Bangladesh’s capital market has shrunk by nearly half over the past 15 years due to prolonged irregularities and lack of coordination among key institutions, said Bangladesh Securities and Exchange Commission (BSEC) Commissioner Md Saifuddin.
Speaking at a seminar titled “Empowering Investors through Emerging Technology and Digital Finance” organized by the Dhaka Stock Exchange (DSE) marking World Investor Week, the BSEC commissioner said the size of the country’s capital market has declined by 48 percent over the years.
Investors don’t see us as good people. They think those who run the capital market are all corrupt — and unfortunately, there is reason behind that perception. We must change ourselves,” Saifuddin said with frustration.
Highlighting institutional inefficiency, the commissioner noted that there is no effective coordination among the major stakeholders of the capital market.
This lack of collaboration has prevented us from building a technology-driven, transparent market,” he said.
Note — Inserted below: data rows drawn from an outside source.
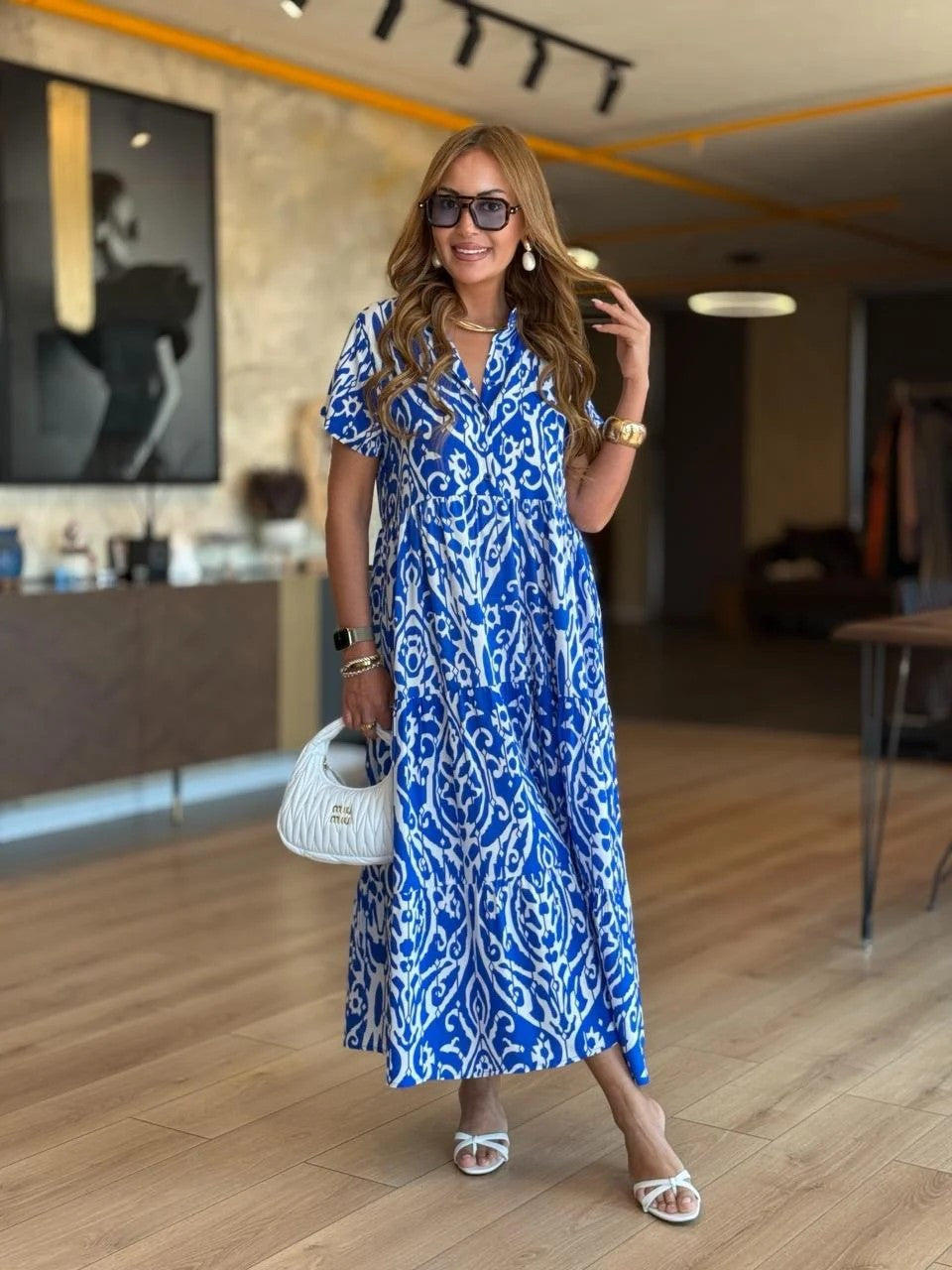 Ez a ruha élénk és kiegyensúlyozott nyomtatással egy kis személyiséget visz a mindennapi ruhatáradba. Az all-over minta vizuálisan érdekessé teszi a ruhát, így tökéletes alkalmi kirándulásokhoz, hétvégi kirándulásokhoz vagy kötetlen társasági eseményekhez.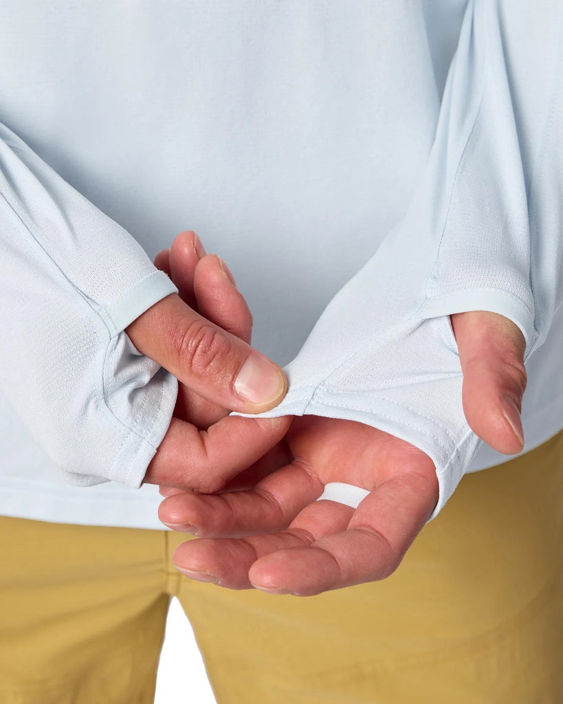 Simms SolarFlex Crew provides amazing UPF 50+ sun protection whether fishing off a boat or at the river's edge. Fabric has been updated to a more natural hand and offers an opaque appearance. Essential back-of-hand sun protection deliver full coverage for sunny days.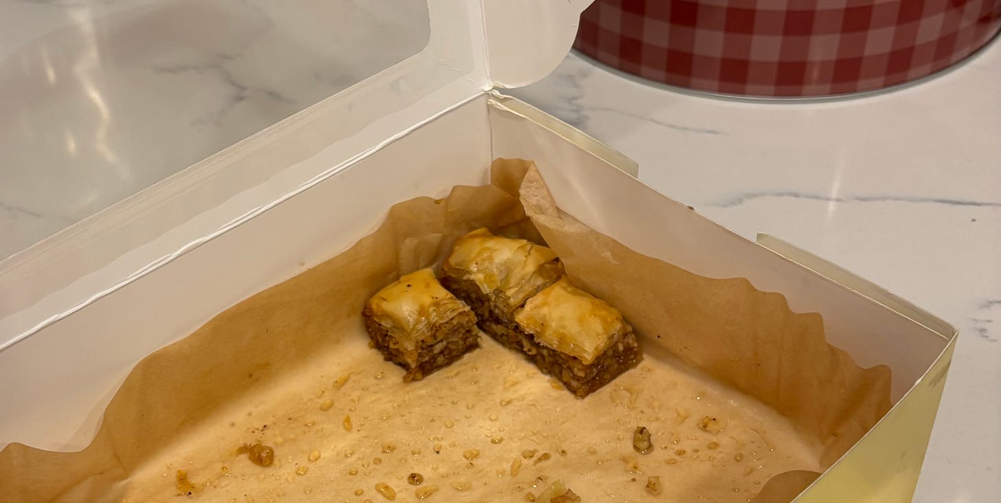 I eat one slowly, then another, let the sweetness and crunch dawdle together. My daughter and I have been declaring “Baklava for breakfast!” regularly this winter break. I’ll leave her the last piece.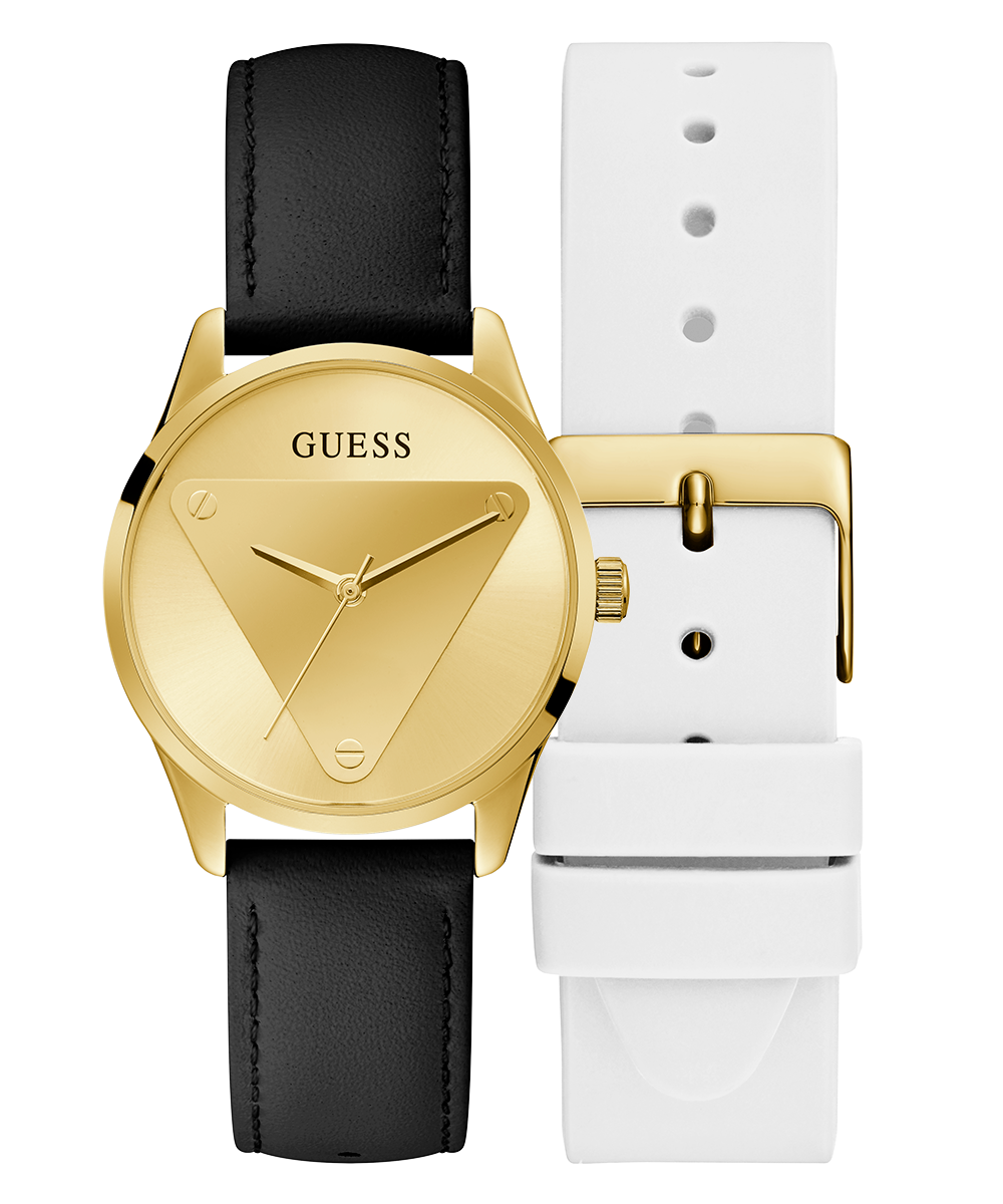 The GUESS iconic triangle logo is tranlated into a sleek plaque as the centerpiece of this style and is paired with smooth ethically sourced leather that is backed by ultra-suede and features an interchangeable silicone strap.

If we truly want to transform the market, we must act now. Sit together, talk to one another — whether it’s the Commission, ICAB, CDBL or CCBL. Communication and cooperation must increase,” he urged.
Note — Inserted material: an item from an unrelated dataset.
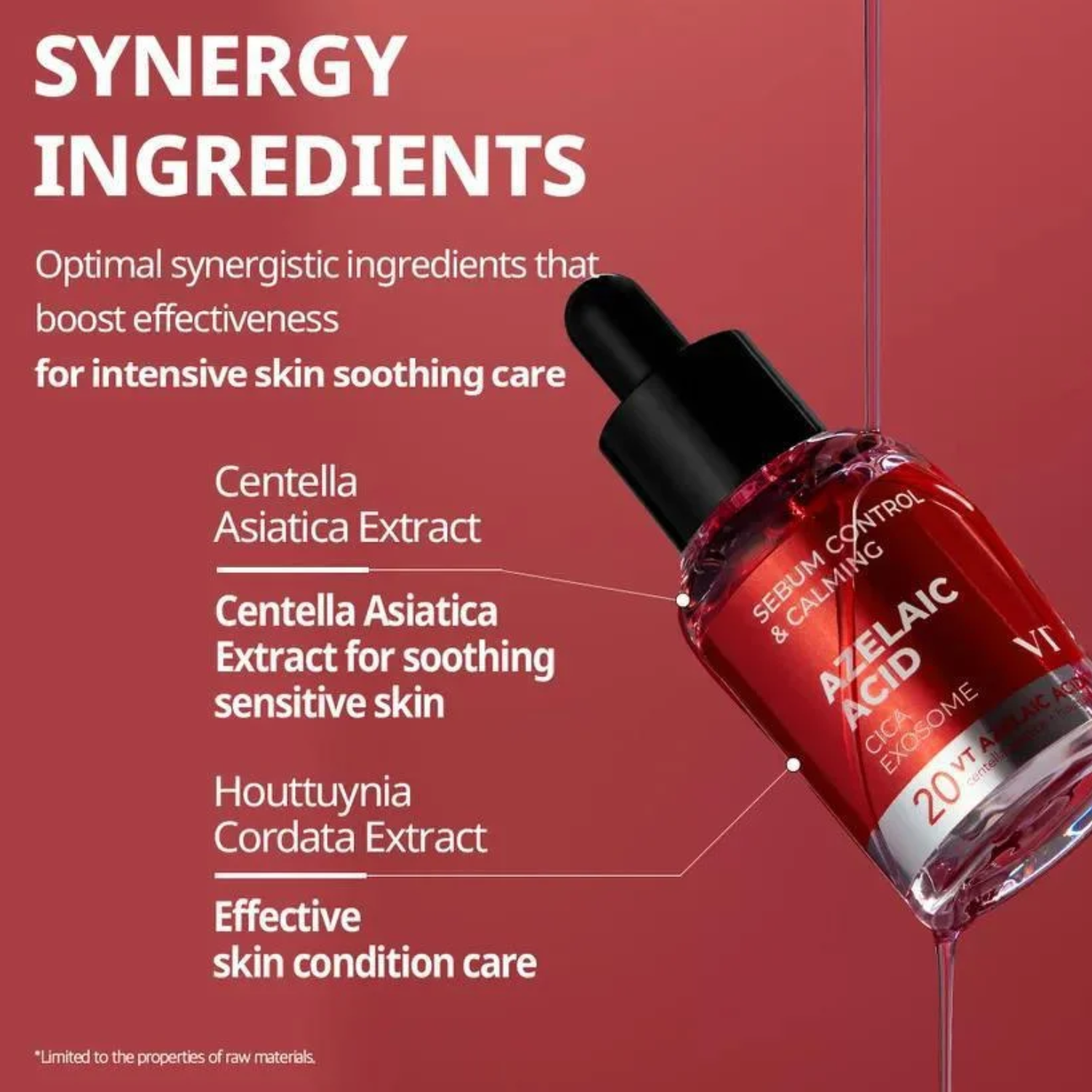 VT Azelaic A1 Calming Ampoule is a lightweight soothing ampoule designed to calm irritation, balance oil, and improve overall skin clarity. Formulated with Azelaic Acid, it helps reduce redness and support a more even-looking complexion. Panthenol and Madecassoside provide calming care, while Centella Asiatica Extract and Tea Tree Extract help comfort sensitive or blemish-prone skin. Multiple forms of Hyaluronic Acid deliver deep hydration, leaving skin feeling balanced, smooth, and refreshed without heaviness. Ideal for daily use when skin needs calming and oil control support.

Explaining why no strong IPO has entered the market over the past 18 months, Saifuddin said, “This is not a consumer market. Yet, we talk about product diversity in IPOs when the real discussion should be about investable assets.”
Referring to the Institute of Chartered Accountants of Bangladesh (ICAB), he stressed the need for utmost transparency in auditing corporate accounts. “Auditors must rethink the existing framework and ensure integrity in every audit,” he said.
Trust is our only asset to investors. Once that trust is broken, the market will collapse. Financial reports must be prepared with the sanctity of a priest,” Saifuddin remarked.
He also announced that the Commission plans to introduce machine-readable financial reports in the future, which he believes will bring greater transparency and efficiency to the market.